Project 4. Evaluation of Dissemination of Pediatric Anti-microbial Stewardship

PI: Theoklis Zaoutis, MD, MSCE; Co-Investigators: Ebbing Lautenbach, MD, MPH, MSCE; A. Russell Localio, JD, MS, PhD, Jason Newland, MD, Susan Coffin, MD, MPH, Mary Anne Jackson, MD, Cathryn Carroll, PhD.

Specific Aims: The specific aim of this study is to measure the impact of an antimicrobial stewardship program (ASP) in a children’s hospital on reducing the frequency and duration of use of selected antimicrobial agents. The primary hypothesis is that implementation of an ASP will reduce the frequency and duration of use of selected antimicrobial agents. The secondary aims are to: 1) to measure the ability of an ASP to reduce drug-bug mismatches in antimicrobial therapy for laboratory-confirmed infections; 2) measure the impact of an ASP on antimicrobial resistance among clinical isolates; 3) determine the impact of an ASP on length of hospital and intensive care unit (ICU) stay; and 4) assess healthcare-associated costs (including antimicrobial and non-antimicrobial costs) before and after the implementation of an ASP in a children’s hospital. The hypotheses for these secondary aims are that the ASP will result in: 1) an increase in the number of infections treated appropriately based on the susceptibility patterns of the pathogens; 2) a decrease in antimicrobial resistance; 3) a decrease in the length of hospital and ICU stay; and 4) reduced healthcare-associated costs.

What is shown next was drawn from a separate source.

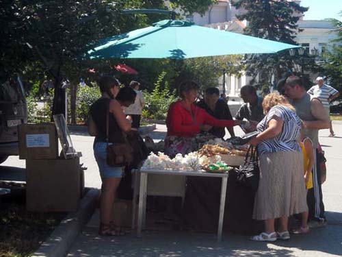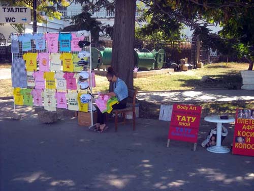 Дальше, до катера, туристов сопровождают холодильные камеры с мороженым, лотки с якобы золотыми украшениями и бижутерией. На площади 300-летия Черноморского Флота не так многолюдно, как и палаток с сувенирами, но торговля всё же идёт.

Background and Significance: 22-65% of hospital antibiotic use is inappropriate. Hospital-based ASPs were developed to optimize clinical outcomes while minimizing the unintended consequences of antimicrobial use including toxicity, the selection of pathogenic organisms such as C. difficile, and the emergence of resistance.

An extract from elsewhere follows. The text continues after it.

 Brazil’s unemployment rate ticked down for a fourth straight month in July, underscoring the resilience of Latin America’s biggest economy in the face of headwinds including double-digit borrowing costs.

CDC established a 12-step program for hospitalized children to combat antimicrobial resistance. In addition, the Infectious Disease Society of America and the Society for Healthcare Epidemiology of America are preparing guidelines for antimicrobial stewardship. Because of the limited number of rigorous studies addressing antimicrobial stewardship strategies, many of the recommendations are based on only anecdotal evidence. The draft guidelines also identify research priorities, including studies of the impact of antimicrobial cycling, formulary restrictions and pre-authorization requirements on antimicrobial usage and resistance, and computer based surveillance of targeted antimicrobial interventions and tracking of antimicrobial resistance patterns. Although some data exist to support the potential role of these interventions to curb inappropriate use of antibiotics, including data collected by PennCERT investigators, there is still much we do not know about the impact of these activities, either singly or in combination. Further, most of the evidence in these guidelines and on ASPs is derived from studies of interventions to improve antimicrobial use in hospitalized adults, while few have been performed in hospitalized newborns and children.

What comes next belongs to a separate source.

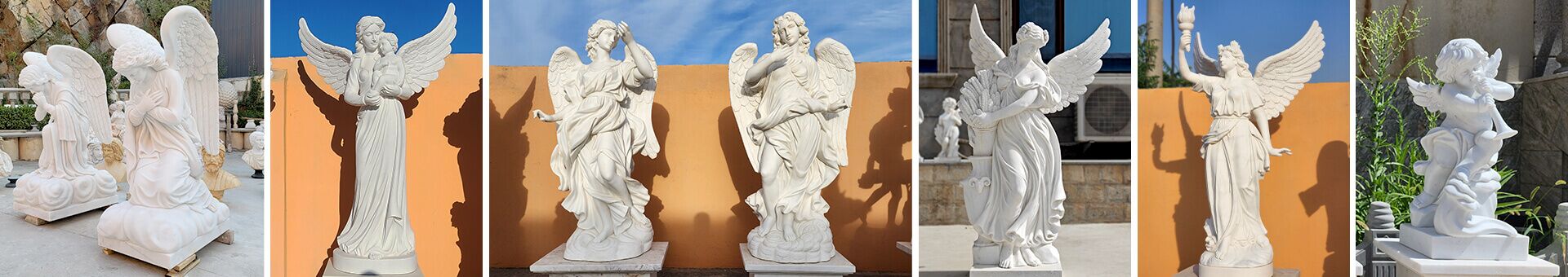 Hand Carved Marble Mother Angel Holding Baby Statue MOKK-528

Implications: Antibiotic resistance and inappropriate use of antibiotics are problems for all hospitals. Although several institutions have developed ASPs that have been successful in the local control of antibiotic use, we do not know if such programs can be exported or whether they are effective in pediatric hospitals. This study will evaluate the ability of a defined ASP to be successfully implemented at a distant children’s hospital. The findings of this study will provide information about the ability to generalize patient safety programs such as ASPs to children across multiple institutions.